Pink skates and deadly bombs

Children play on a swing

Israel has killed more than 16,000 children in Gaza to date. There are few areas for children to play in, and nowhere is safe.

Omar Ashtawy APA images

I reached Hussam Abu Ajwa on his phone.

What do you ask a man who has just lost a child?

What does a bereaved father say?

Abu Ajwa, whose daughter Tala, 10, was killed on 5 September, reached for the words of Mahmoud Darwish, a reply the late poet, while ailing and waiting to die, gave to a reporter’s question about how he felt.

“Bruised feelings and broken thoughts, and some scratched up memories. The doctor says nothing is fatal, just a little loss to the soul.”

Tala had been playing with her friends when a bomb struck a downstairs apartment in Gaza City, killing her on the spot and adding her name to the list of the nearly 17,000 children Israel has killed in Gaza since October last year.

A photograph of Tala under a white shroud wearing her pink roller skates subsequently went viral on social media.

She had asked her father if she could go out to play. Fearing for her safety, he first refused to give her permission.

But she was persistent, Abu Ajwa recalled, saying he reluctantly agreed to let her go play as long as she did not go too far away.

She had been bored, her mother, Hadeel, told The Electronic Intifada.

“She wanted to go to the amusement park. She wanted to go to the beach. She wanted to go to school. She wanted to see her friends, and she craved a lot of food, but she was deprived of everything because of the war,” Hadeel said before returning to what over the phone sounded like quietly crying.

So attached

Not more than 5 minutes had gone by after Tala left with her pink skates on when Abu Ajwa said he heard a loud explosion.

“I ran quickly from the third floor to the street,” Ajwa said.

He found Tala’s body face down covered in rubble and dust, only her roller skates visible.

He picked up her battered body and rushed to a hospital. It was too late. The medical staff could not save Tala’s life.

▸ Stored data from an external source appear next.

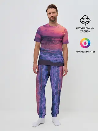 Мужская пижама с брюками / Закат на берегу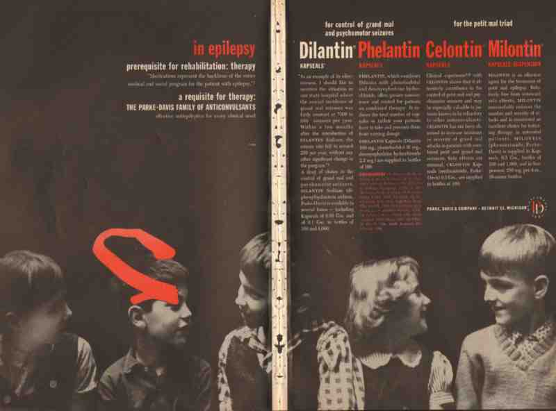 Original old medical doctor pharmaceutical trade magazine vintage ad for PARK DAVIS COMPANY of Detroit, MI. In Epilepsy for control of grand mal and psychomotor seizures, Dilatin, Phelantin, Celontin, Milontin. This 1959 gatefold magazine advertisement would display beautifully matted and framed.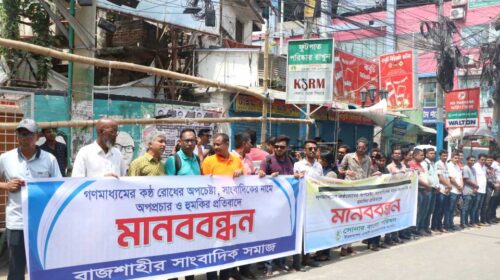 স্বাধীন গণমাধ্যমে হুমকি ও কণ্ঠ রোধের অপচেষ্টা,প্রতিবাদে রাজশাহীতে মানববন্ধন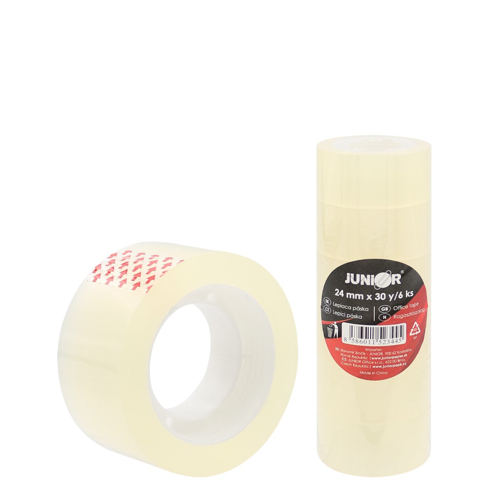 Priesvitná lepiaca páska stĺpovito balená, šírka pásky 24 mm, návin 20 m, vhodná na bežné použitie.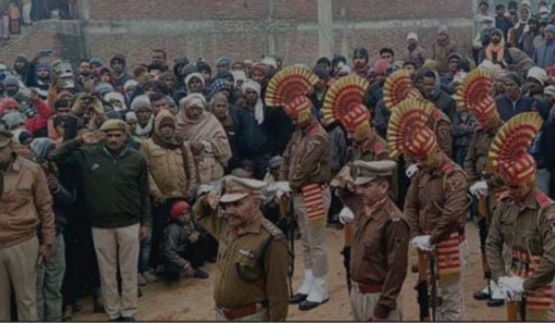 SSB Jawan Funeral in Agra: उत्तर प्रदेश की ताजनगरी आगरा के थाना बाह के बिजौली गांव में उस समय कोहराम मच गया। जब बुधवार को छोटे भाई आईटीबीपी के हवलदार नीरज सिंह की शहादत पर बनवाए जा रहे स्मारक का छज्जा टूटकर एसएसबी के जवान बड़े भाई पर गिर गया। हादसे में एसएसबी के जवान की मौके पर ही मौत हो गई। दो महीने के अंदर दो सगे भाइयों की मौत से पूरे गांव में मातम छा गया। गुरुवार को एसएसबी के जवान का पूरे सैन्य सम्मान के साथ अंतिम संस्कार किया गया। इस दौरान मौके पर मौजूद हर शख्स की आंखें नम हो गईं। इस दौरान ‘भारत माता की जय के साथ ही राजेंद्र सिंह अमर रहे’ के नारों से पूरा श्मशान घाट गूंज उठा।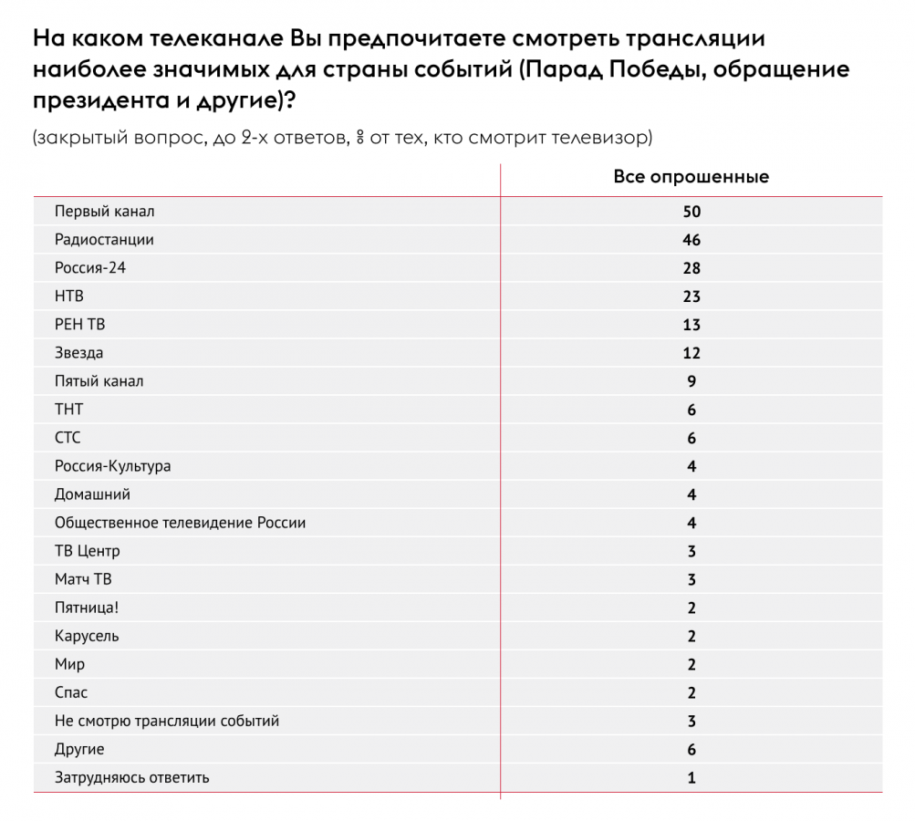 Лидером среди молодежи, привыкшей получать информацию из интернет-медиа и соцсетей, стал «Первый канал» (18−24 лет — 48%, 25−34 лет — 40%). Среди представителей старшего поколения первенство разделили «Первый канал» и НТВ, которые набрали по 31% голосов.
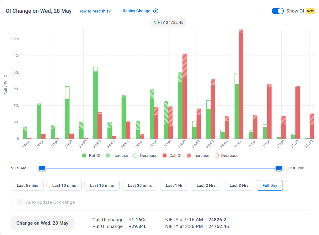 The maximum Put Open Interest (OI) is observed at 24,500, followed closely by 24,800, suggesting strong support at 24,600 to 24,500 levels.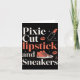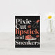 Pixie cut lipstick and sneakers short hair style card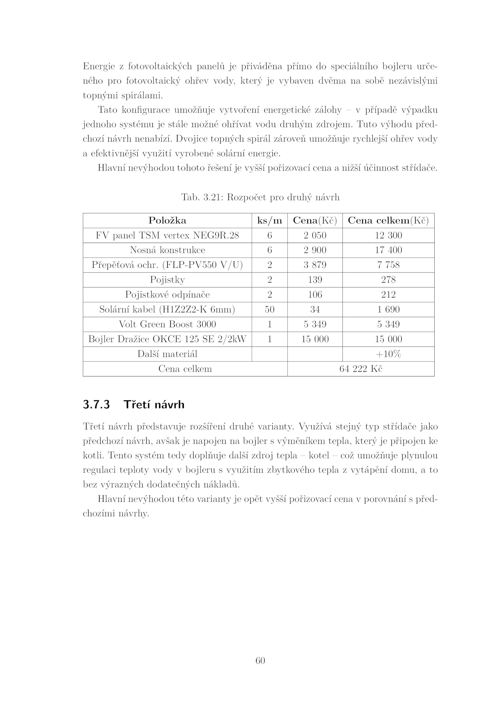 Tab.21: Rozpočet pro druhý návrh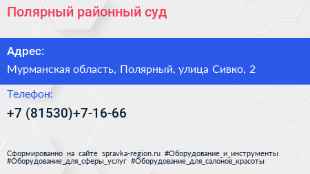 Полярный районный суд по адресу Мурманская область, Полярный, улица Сивко, 2 в дальнейшем Организация, размещена в следующих категориях: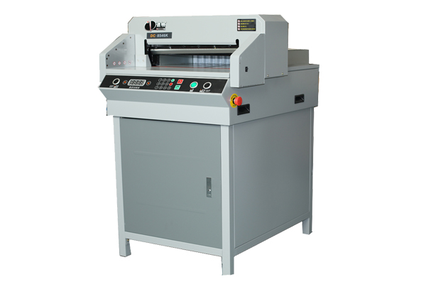 DC-8546K 斜刀切纸专利技术,裁切平稳轻松,独立压纸机构设计,有效解决传统电动机器压纸不紧,提高工作效率, 切位指示线标识,红外激光指示线,清晰明确 ,切纸机调刀深浅专利技术,方便快捷 , 蓝色显示屏显示,红外光栅安全保护电路设计,美观大方。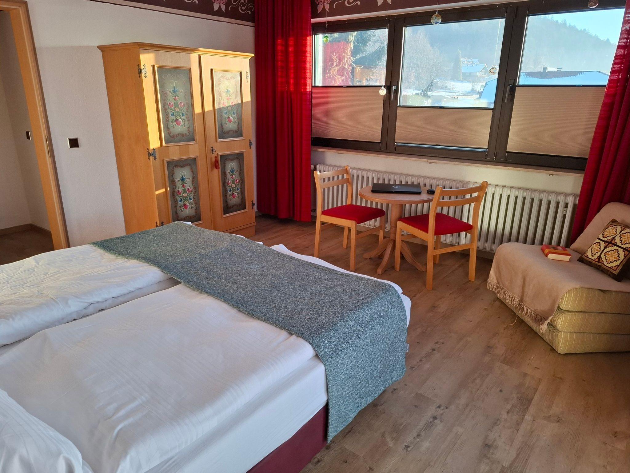 Geeignet für Wandergruppen, Vereine oder Familientreffen bietet unser Gästehaus 10 Doppelzimmer für bis zu 21 Personen. Alle Zimmer verfügen über ein eigenes Bad mit Dusche und WC und befinden sich im ersten Obergeschoss des Hauses. Bei sieben Zimmern ist außerdem ein Balkon mit Aussicht ins Tal vorhanden.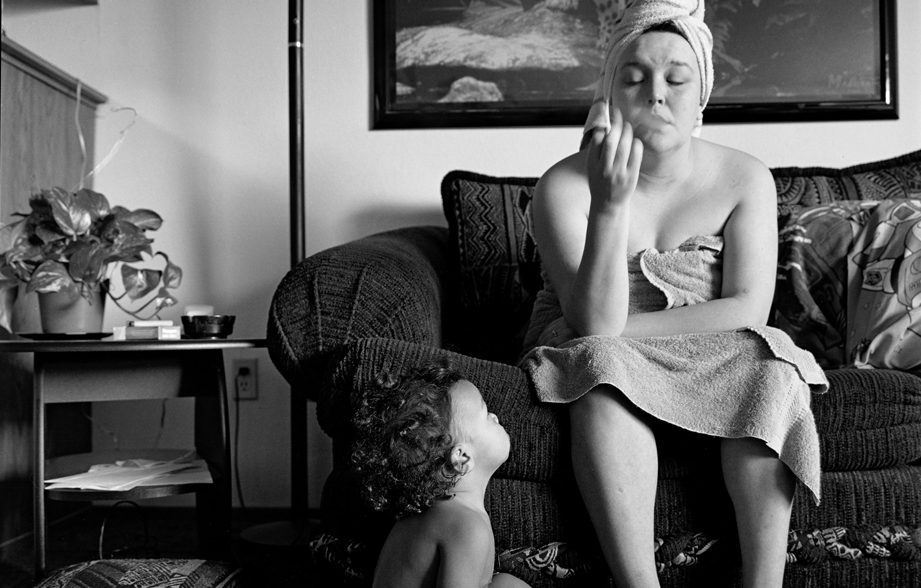 Au-delà de reporters qui capturent spontanément les visages croisés sur leur chemin ou ne rapportent que la réalité brute, Mary Ellen Mark intègre au sein de ses séries les noms et les histoires des personnes qu’elle rencontre – et avec lesquels elle tisse, pour la grande majorité, des liens. À l’image de son célèbre portrait de la famille Damm qu’elle réalise en 1987 dans le cadre d’une commande sur les familles sans abri, elle décide finalement de la résumer à ses quatre membres – Crissy (6 ans), Jesse (4 ans), leur mère Linda (27 ans) et leur beau-père Dean (33 ans)–, dont elle suit le quotidien sur dix jours, des journées passées dans leur voiture aux nuits d’angoisse dans les motels. Dans les livres qu’elle publie comme dans les magazines avec lesquels elle collabore, la photographe sort ses sujets de l’anonymat en leur offrant une identité propre qui ajoute à la force tragique de ses clichés.

“I loved her very much,” Abu Ajwa said. “She was cheerful and loved to have fun and laugh a lot. She was smart and had big dreams, despite her young age.”

Tala aspired to be a dentist, her father said.

The day before she was killed, Abu Ajwa said, a bomb struck near their building and sent Tala running to the safety of his arms.

“I am sad because over the last year, my daughter had to experience so much fear and so many things children shouldn’t know, like starvation and displacement,” Abu Ajwa said.

“And then she was killed while skating, trying to make herself happy.”

It was Abu Ajwa, a chemistry teacher before the genocide, who bought her the skates.

“She was so happy. She was so attached to these skates and to this hobby. I would take her every Thursday to the corniche for her to skate.”

“They were the first thing I saw,” he said, finally, with a sigh. “Those skates.”

Fedaa al-Qedra is a journalist in Gaza.